Adopsi 5G di Indonesia Tertinggal, Operator Seluler Ungkap Penyebabnya

Posted on

Wakil Menteri Komunikasi dan Digital (Wamenkomdigi) Nezar Patria mengungkapkan cakupan jaringan 5G di Indonesia tertinggal dibandingkan negara tetangga. Operator seluler pun mengungkapkan persoalan yang membuat sinyal internet cepat itu tidak berkembang.

Asosiasi Penyelenggara Telekomunikasi Seluruh Indonesia (ATSI) menyebutkan bahwa frekuensi yang digunakan operator seluler saat ini bukan spektrum 5G.

“Spektrum yang dipakai sekarang itu bukan real 5G, karena yang digunakan itu ada di frekuensi 1,8 GHz, 2,1 GHz, dan 2,3 GHz. Kalau ngomongin spektrum 5G itu bisa dirilis 2,6 GHz, 3,5 GHz, dan 700 MHz,” ujar Direktur Eksekutif ATSI Marwan O Baasir saat dihubungi infoINET, Kamis (30/10/2025).

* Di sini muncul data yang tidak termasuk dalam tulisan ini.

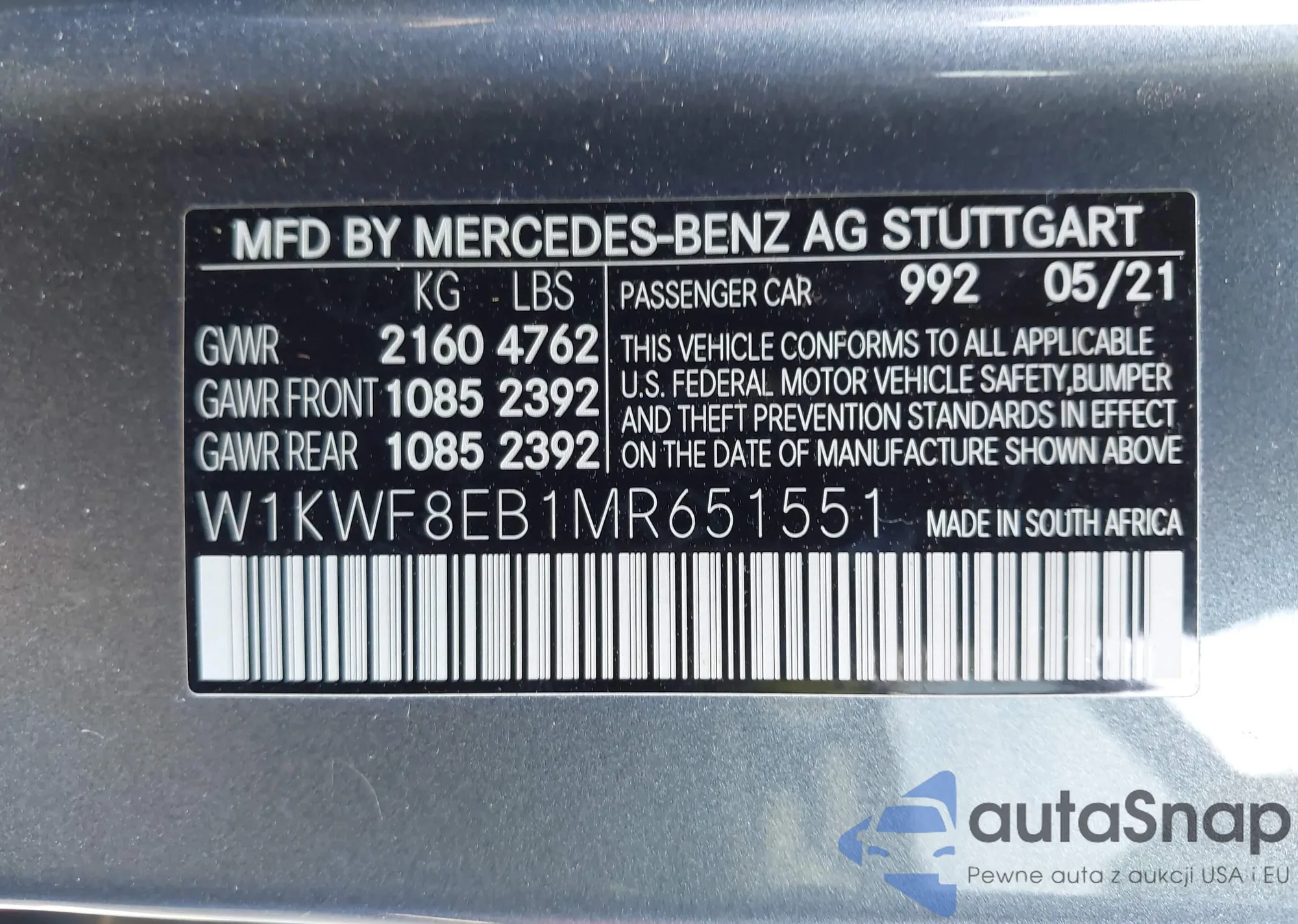 Автомобиль Mercedes-Benz C-klasse 2021 (VIN W1KWF8EB1MR651551) ранее не участвовал в торгах. Документы чистые, пробег соответствует или ниже среднего по рынку. Продаётся страховой компанией — рекомендуем покупку. Доставка в порт займет около 6–8 недель.

Frekuensi yang dipakai operator seluler pada saat ini juga masih berbagai jaringan dengan teknologi lainnya, seperti 2G maupun 4G. Sementara itu, untuk mendapatkan koneksi 5G yang optimal dibutuhkan lebar pita 100 MHz yang di mana saat ini tidak ada operator yang menggunakan sebesar itu.

Kementerian Komunikasi dan Digital (Komdigi) sebelumnya telah melakukan konsultasi publik terkait penggunaan pita frekuensi 700 MHz, 2,6 GHz, dan 26 GHz. Akan tetapi belum diketahui jadwal spektrum tersebut akan dilelang.

Di sisi lain, Komdigi baru saja merampungkan lelang frekuensi 1,4 GHz yang diperuntukan layanan jaringan akses nirkabel pita lebar (fixed broadband). Sebagai informasi, lelang frekuensi 1,4 GHz dimenangkan oleh Surge melalui anak perusahaan Telemedia Komunikasi Pratama di Regional 1 dan Eka Mas Republik yang dikenal dengan merek MyRepublic untuk Regional 2 dan 3.

“Kalau kita melihat dari sejarahnya, operator menghadirkan 4G LTE itu tahun 2014 dan berkembang pesat hingga 2018 karena saat itu ada kebutuhan. Begitu spektrum 5G dirilis, insya Allah adopsi 5G lebih cepat, dengan catatan perangkat dan harga layanan terjangkau,” tutur Marwan.

Ia menceritakan saat peralihan dari 3G ke 4G ketika itu, harga HP dibuat terjangkau. Kondisi tersebut yang diharapkan ATSI dapat terjadi juga pada ponsel 5G.

“Kalau saya melihat nggak ada alasan untuk tidak adopsi 5G. Kebutuhan pengalaman pengguna sangat tinggi karena masyarakat juga membutuhkan koneksi internet cepat, tapi kembali ke ekositem sudah terbentuk atau tidak, dari aplikasi, device, use case juga perlu kita pikirkan,” ungkap Marwan.

Diberitakan sebelumnya, Wamenkomdigi Nezar Patria menyinggung adopsi 5G di Indonesia tertinggal jauh dibandingkan negara tetangga, seperti Malaysia.

Nezar mencontohkan, Malaysia telah mencapai sekitar 80% cakupan 5G, sementara Indonesia baru menyentuh kurang dari 10% sejak pertama kali diperkenalkan pertengahan 2021. Kondisi ini, kata dia, menunjukkan masih banyak pekerjaan rumah dalam memperluas infrastruktur jaringan berkecepatan tinggi di Tanah Air.

“Pemerintah menargetkan setidaknya 30% wilayah Indonesia sudah terjangkau jaringan 5G pada tahun 2030. Ini tentu saja membutuhkan kolaborasi yang cukup kuat dari semua stakeholder di industri tersebut,” ujar Nezar di kantor Indosat Ooredoo Hutchison (IOH), Jakarta, Senin (27/10).